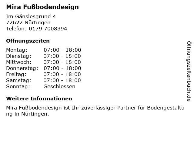 | Öffnungszeiten Mira Fußbodendesign in Nürtingen anzeigen | |
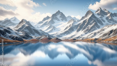 © Panuwat, Fototapeta premium Landscape photograph mountain range lake foreground mountains ar
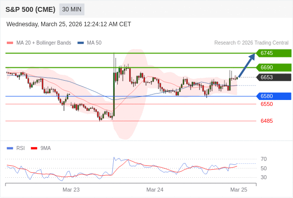 在 6580 之上,看涨,目标价位为 6690 ,然后为 6745 。
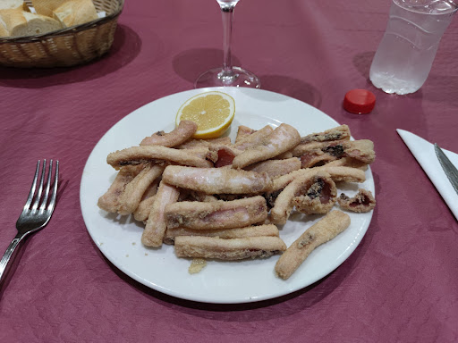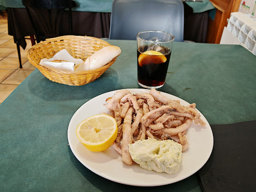 La comida genial en términos de calidad precio, aunque demasiado aceite a mi gusto en los calamares y el pan. La pizza espectacular, si la mozzarella no pelea por su vida, no es una buena pizza. El tamaño de esta ronda los 30cm de diámetro y está consistemente cargada. De postre una tarta de queso como marca la tradición que se lleva un sólido 8,5.
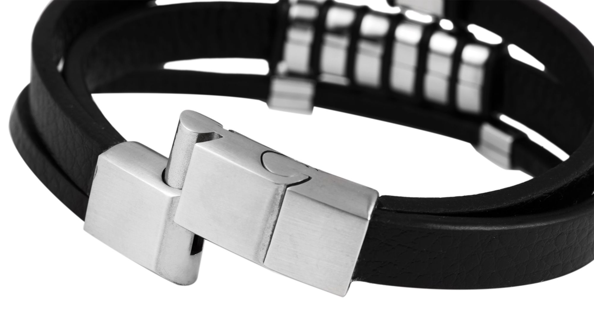 De zwarte band van echt leer is gemaakt van drie leren banden van verschillende breedtes. De smalste is versierd met twee beweegbare vierkante stalen elementen, de middelste met een ovaal element en de breedste band is versierd met zes smalle ovale roestvrijstalen elementen. Alle stalen elementen zijn zilverkleurig. De moderne sieradenarmband kan worden geopend en gesloten met een zilverkleurige roestvrijstalen magneetsluiting. De totale lengte is 23 cm, de breedte 2 cm en de dikte 0,8 cm. Een element van 1 cm kan van de magnetische sluiting worden verwijderd. Hierdoor kan de totale lengte met 1 cm worden ingekort tot 22 cm. Deze modieuze armband is een geweldige metgezel voor dagelijks gebruik en is ook een geweldig cadeau.
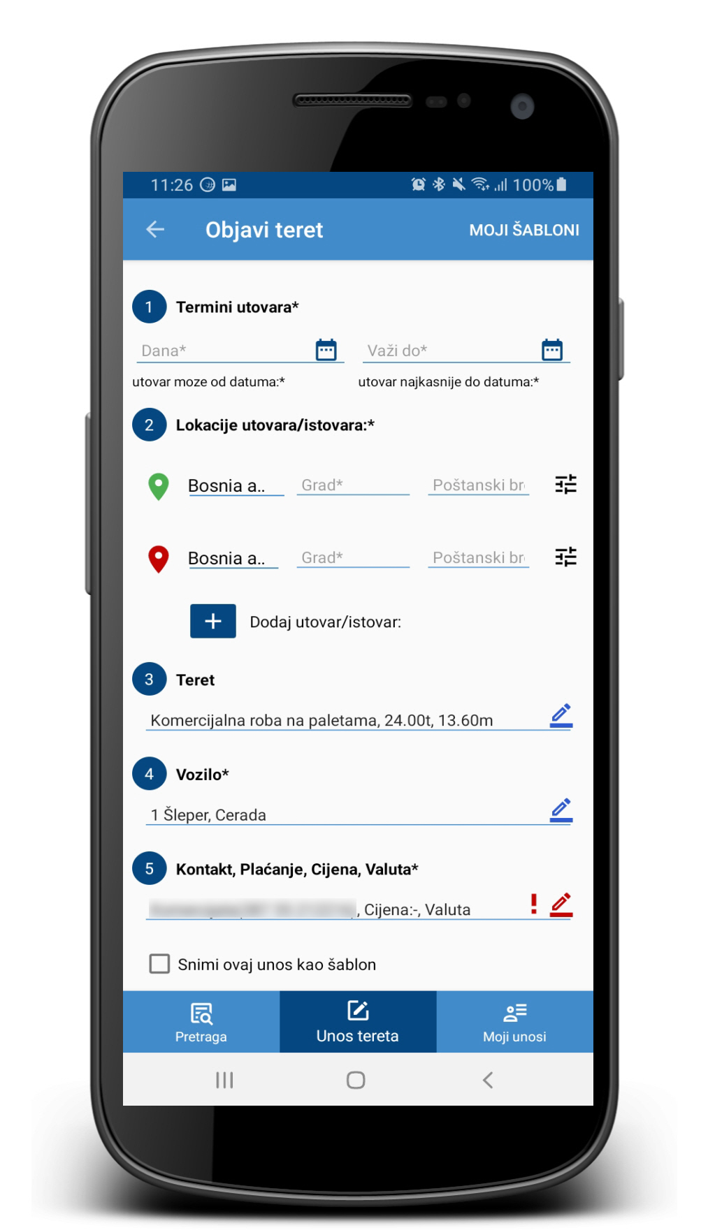 In the cargo section at the bottom of the page there is an option 'Enter cargo'. You can simply enter the details of the cargo to be transported. You also have the option to save each load entry as a template for the same route. That way, you don't need to re-enter the same data the next time it's the same relationship. This functionality facilitates and speeds up the cargo posting process. If you have any questions or need additional information, our customer support team will be happy to help.

++++++++++

**THE PROBLEM:** Pictures stay out; output the lines from the top of the listing above through the line containing "在 6580 之上,看涨,目标价位为 6690 ,然后为 6745 。", exactly as they stand.

**TASK OUTPUT:**
 | Öffnungszeiten Mira Fußbodendesign in Nürtingen anzeigen | |
 © Panuwat, Fototapeta premium Landscape photograph mountain range lake foreground mountains ar
 在 6580 之上,看涨,目标价位为 6690 ,然后为 6745 。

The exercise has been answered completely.